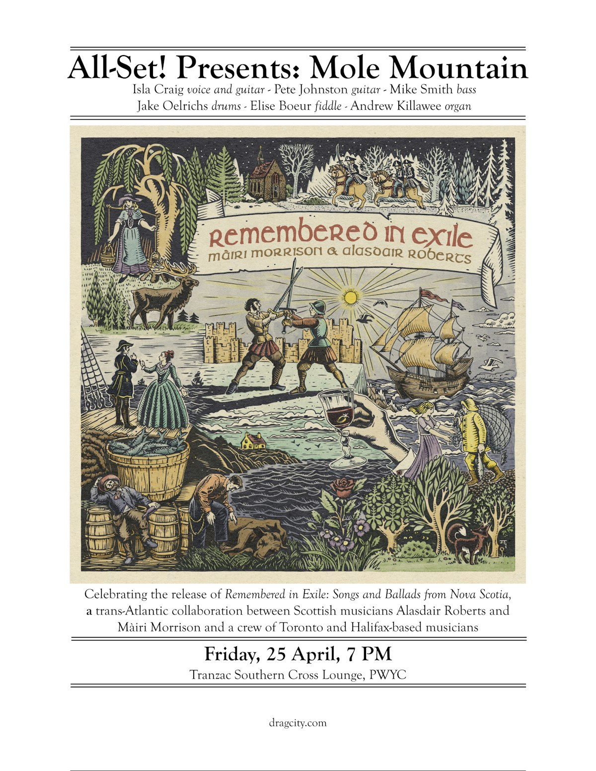 Come help us celebrate the release of Remembered in Exile: Songs and Ballads from Nova Scotia (Drag City), a trans-Atlantic collaboration between Scottish musicians Alasdair Roberts and Màiri Morrison and a crew of Toronto and Halifax-based musicians. Sadly our Scottish friends will not be present, but these humble Tranzac regulars we will do our best to render the songs as best we can in their absence. "
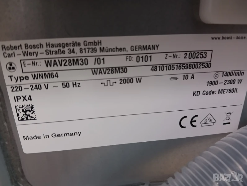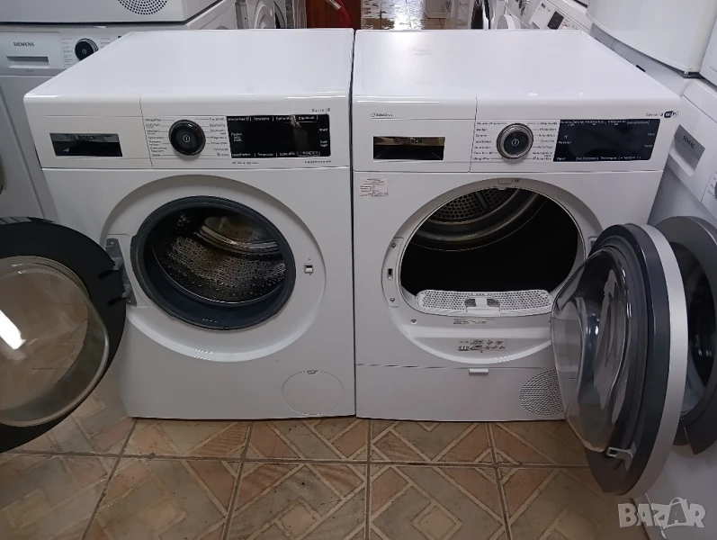Комплект пералня Bosch Serie 8 A+++ 9кг и сушилня с термопомпа Bosch Serie 8 WI-FI 2 години гаранция
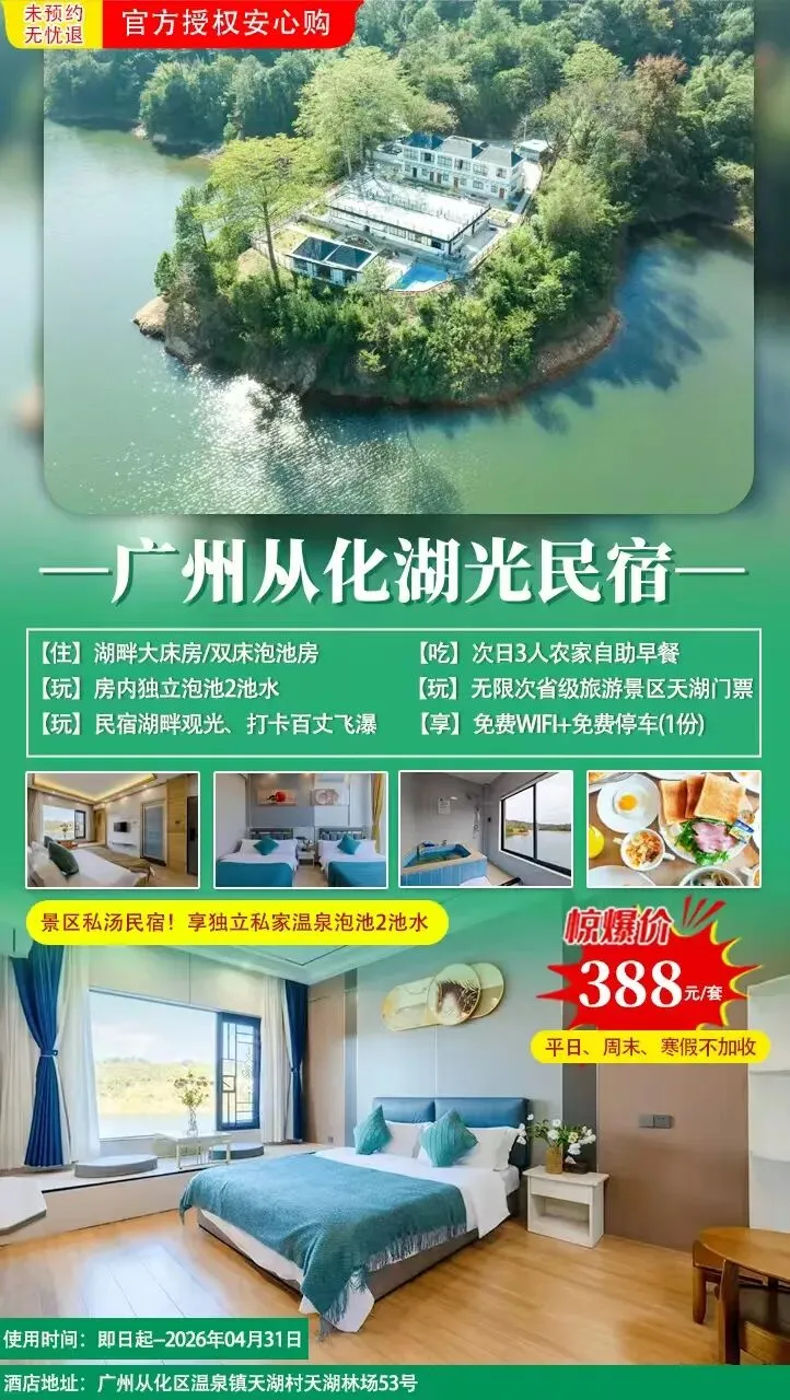 388元抢【广州从化·天湖景区内湖光民宿】湖光民宿泡池大床或双床房+次日自助早餐+私家温泉2池水+无限次天湖观光门票+环湖观光
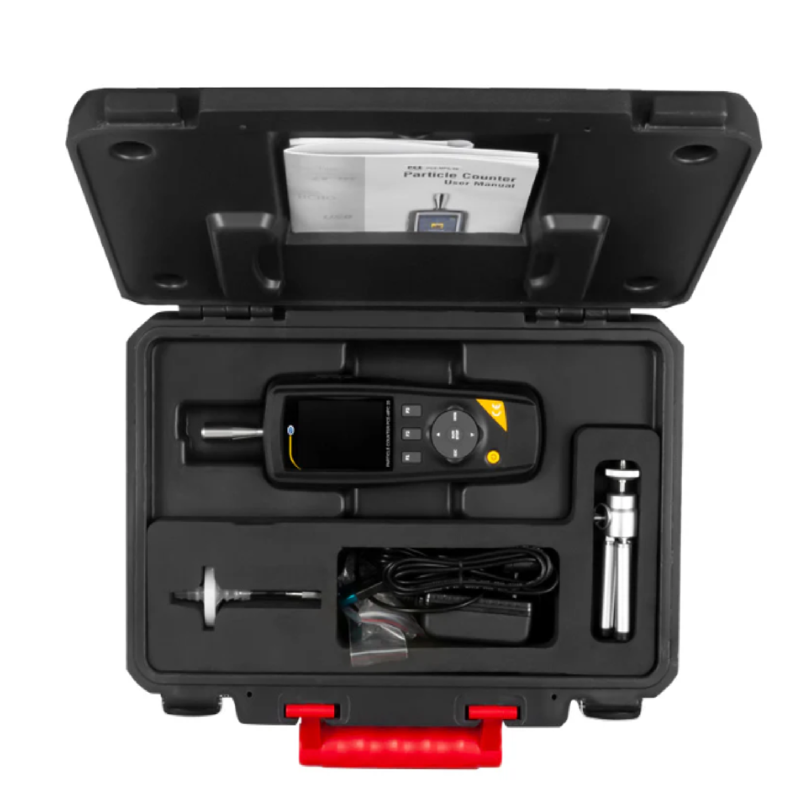 Ngoài chức năng đếm hạt, máy đo bụi còn đo nồng độ khối lượng PM2.5 và PM10. Bơm hiệu suất cao tích hợp đảm bảo lưu lượng không khí đủ cho thiết bị đo bụi. Ngoài ra, thiết bị còn có khả năng đo nhiệt độ, độ ẩm và điểm sương.
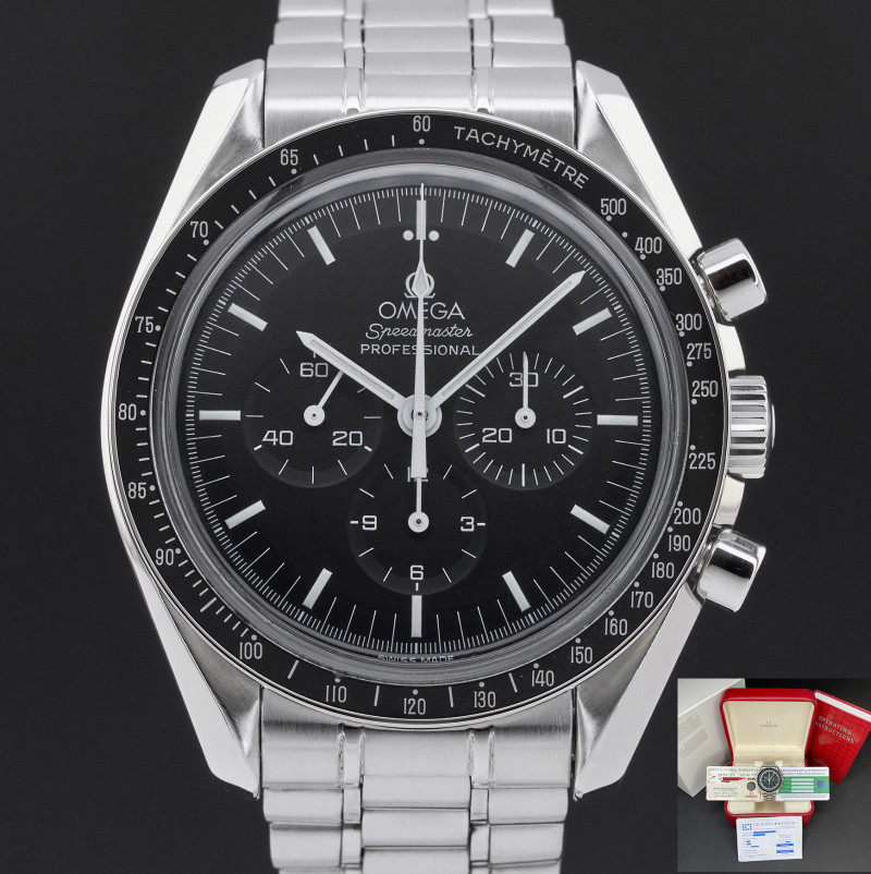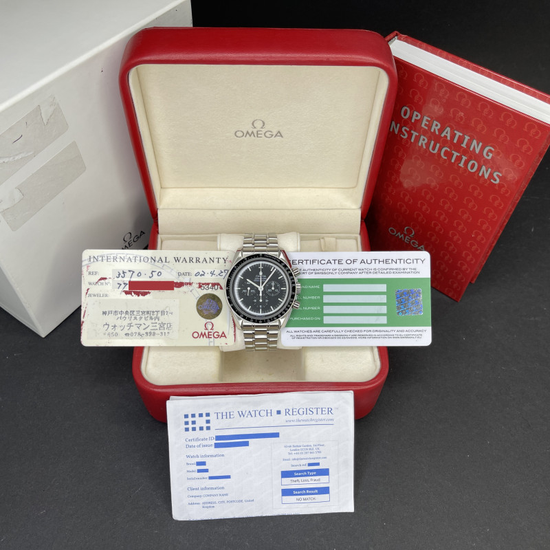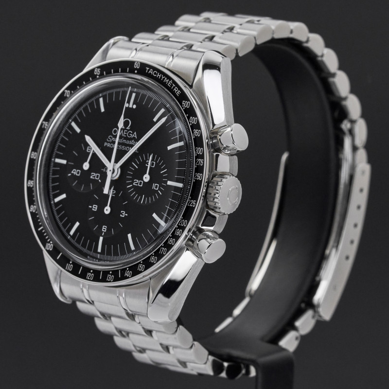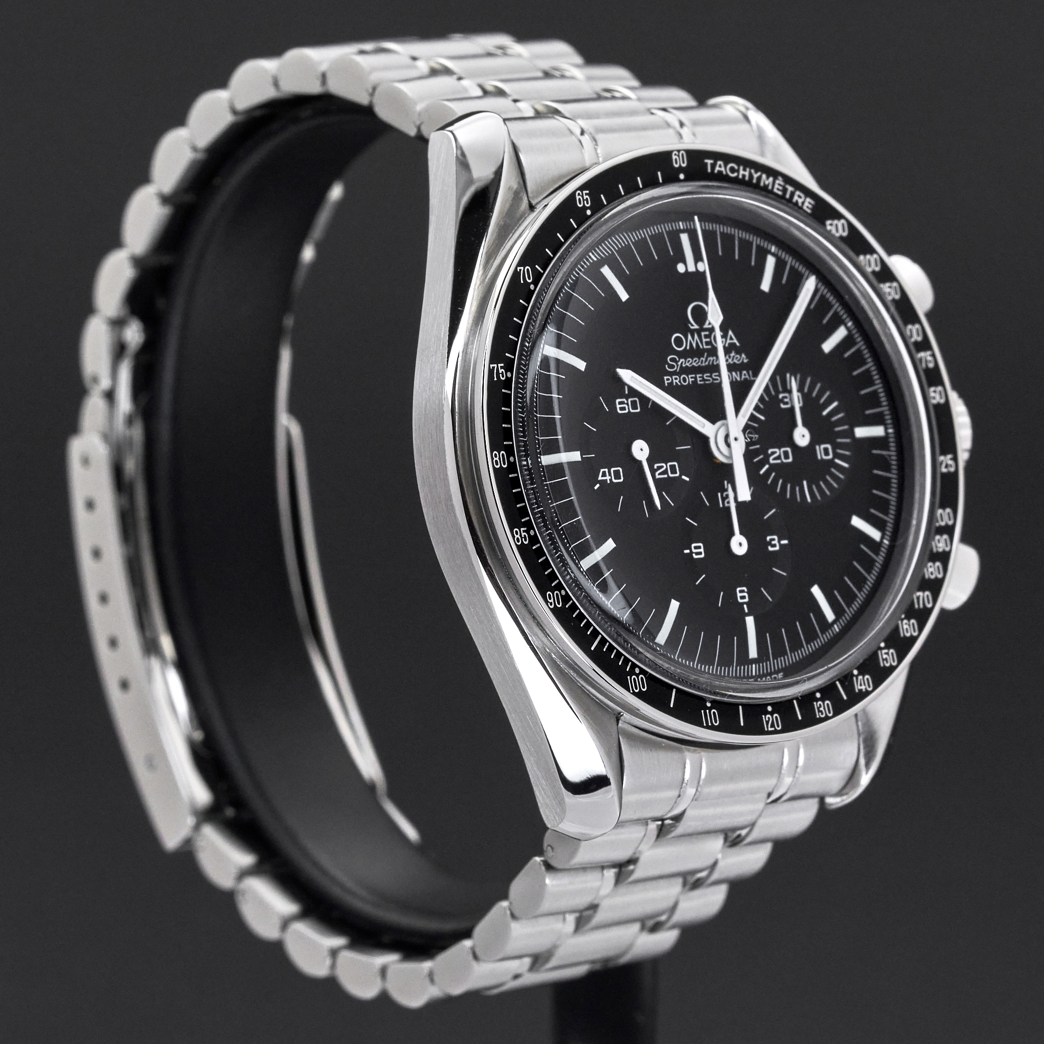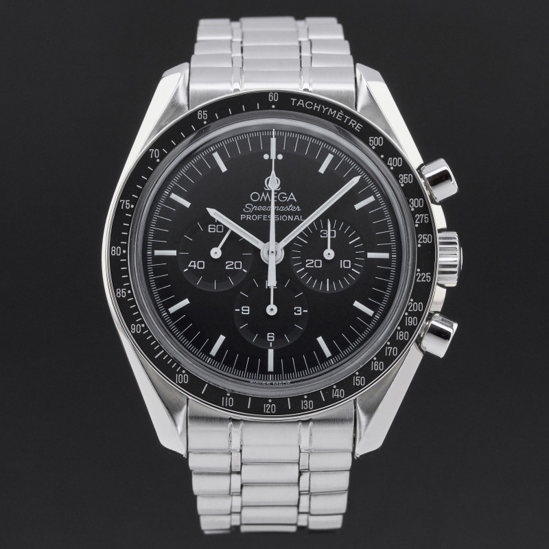 This Omega Speedmaster Professional Moonwatch 3570.50 features a Black dial and is crafted from stainless steel, with a production year of 2002.

What needs to be done:
Leave the pictures out and transcribe the remaining material exactly.

Solution to this problem:
 Come help us celebrate the release of Remembered in Exile: Songs and Ballads from Nova Scotia (Drag City), a trans-Atlantic collaboration between Scottish musicians Alasdair Roberts and Màiri Morrison and a crew of Toronto and Halifax-based musicians. Sadly our Scottish friends will not be present, but these humble Tranzac regulars we will do our best to render the songs as best we can in their absence. "
Комплект пералня Bosch Serie 8 A+++ 9кг и сушилня с термопомпа Bosch Serie 8 WI-FI 2 години гаранция
 388元抢【广州从化·天湖景区内湖光民宿】湖光民宿泡池大床或双床房+次日自助早餐+私家温泉2池水+无限次天湖观光门票+环湖观光
 Ngoài chức năng đếm hạt, máy đo bụi còn đo nồng độ khối lượng PM2.5 và PM10. Bơm hiệu suất cao tích hợp đảm bảo lưu lượng không khí đủ cho thiết bị đo bụi. Ngoài ra, thiết bị còn có khả năng đo nhiệt độ, độ ẩm và điểm sương.
 This Omega Speedmaster Professional Moonwatch 3570.50 features a Black dial and is crafted from stainless steel, with a production year of 2002.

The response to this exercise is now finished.